And we're back in the past and can check the eyrie archive
once again.

And here's where you can find The Flame Wars as well as other
LNH Crossovers:

https://archives.eyrie.org/racc/lnh/Crossovers/

And it's The Flame Wars Again! (The first of a number of Flame Wars
Crossovers that are also called Flame Wars)!

We have The Flame Wars #3 by Mike "Zen" Caprio! Mike as far as LNH
writing went was involved with the first two Flame War Crossovers
and wrote a first issue of Insanity Watch, which was a spinoff of the
Flame Wars II and then kind of disappeared after that.

Will, "WHAT IS THIS, CHRISTMAS?" become CAPTAIN CAPITALIZE's new
catch phrase?! Will Grammar Lad show Spelling Boy how to use a
comma?! And is it time for Pointless Death Man to do what he does
best?!!

Find out in...

_
| | Classic
| | =
| | ____ ____ _ ____ ___
| |__ | [] | | [] | | | | [] | | _ \

|____| \__] \__ | |_| \__/ |_|\_\
||
|_| OF NET.HEROES

ADVENTURES #292

=====================
The Flame Wars Part Three
=====================

CHAPTER THREE

by Zen (mikecap@wpi.wpi.edu)

"Caught Between a Rock and a Hardcase"

_________________________________________________________________

*********************
* SOMEWHERE ELSE... *
*********************

A barren rocky landscape, surrounded by craters and scorched
earth, lays disturbingly quiet.
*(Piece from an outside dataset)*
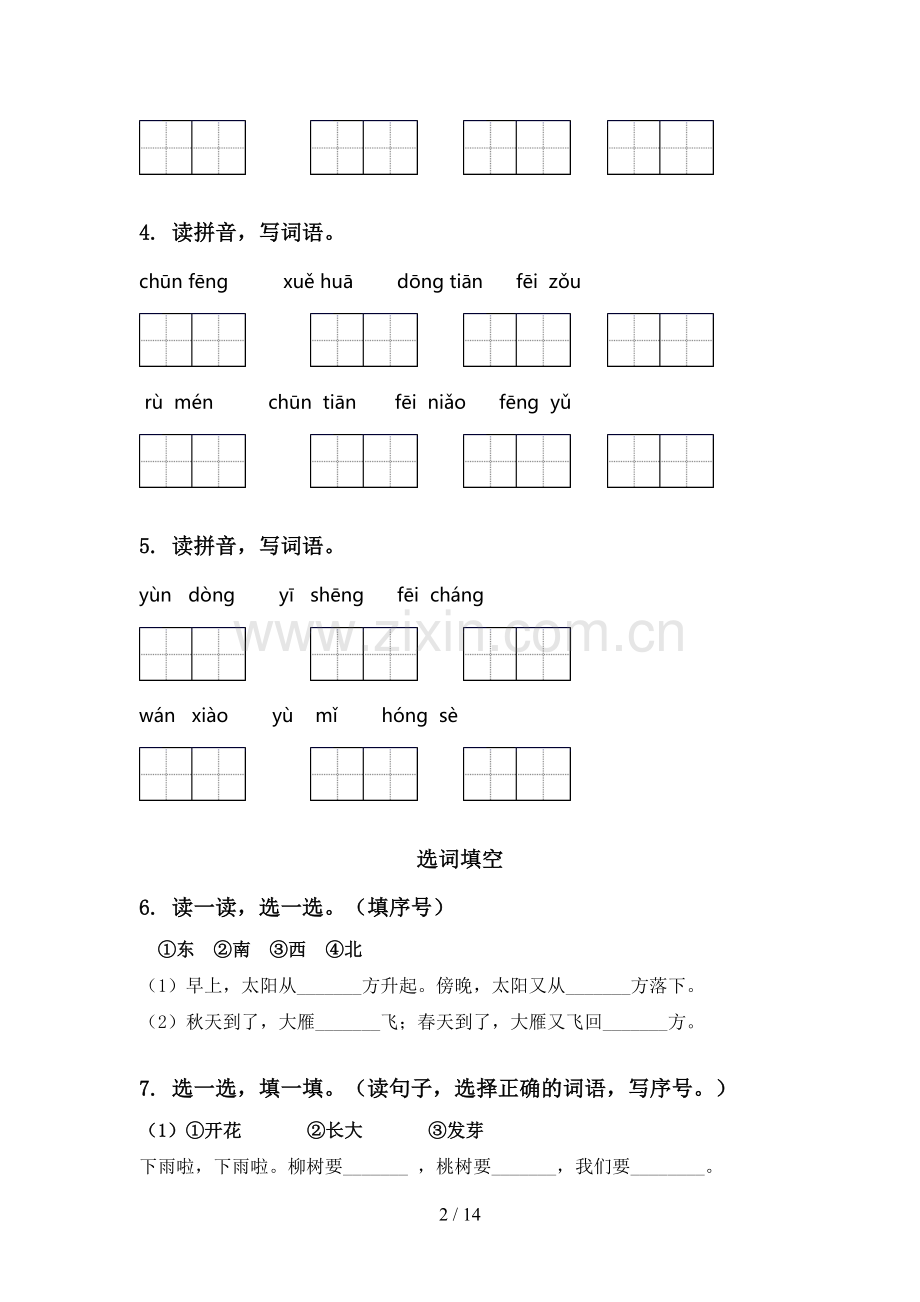 7. 选一选,填一填。(读句子,选择正确的词语,写序号。)

It is just before dawn, and
small tentacles of sunlight slowly edge their way across the
turgid plain...

There is a valley among this bleak terrain, and small wisps of
mist crawl along its floor in the thin atmosphere. At the edges
of the valley, at the tops of the surrounding hills, stand two
armies - one clothed in red, one clothed in green. The
commanders of each force bark commands at their troops, and the
garrisons run screaming down the sides...
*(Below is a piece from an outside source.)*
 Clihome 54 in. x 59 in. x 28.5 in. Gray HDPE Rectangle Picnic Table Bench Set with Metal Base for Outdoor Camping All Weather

Suddenly, there was a blinding yellow flash in the floor of the
valley! Figures began to materialize in the light...

"What the devil!?!?" shouted Cliche Dude.
The LNH appeared on the scene, right in the path of the two
armies. Most of the Legion stumbled drunkenly about in the
disorientation of the teleport beam. Bad-Timing Boy looked
around, and just happened to notice the two screaming hordes
about to descend upon them.
"I think we're in trouble..." said B-TB, right on cue.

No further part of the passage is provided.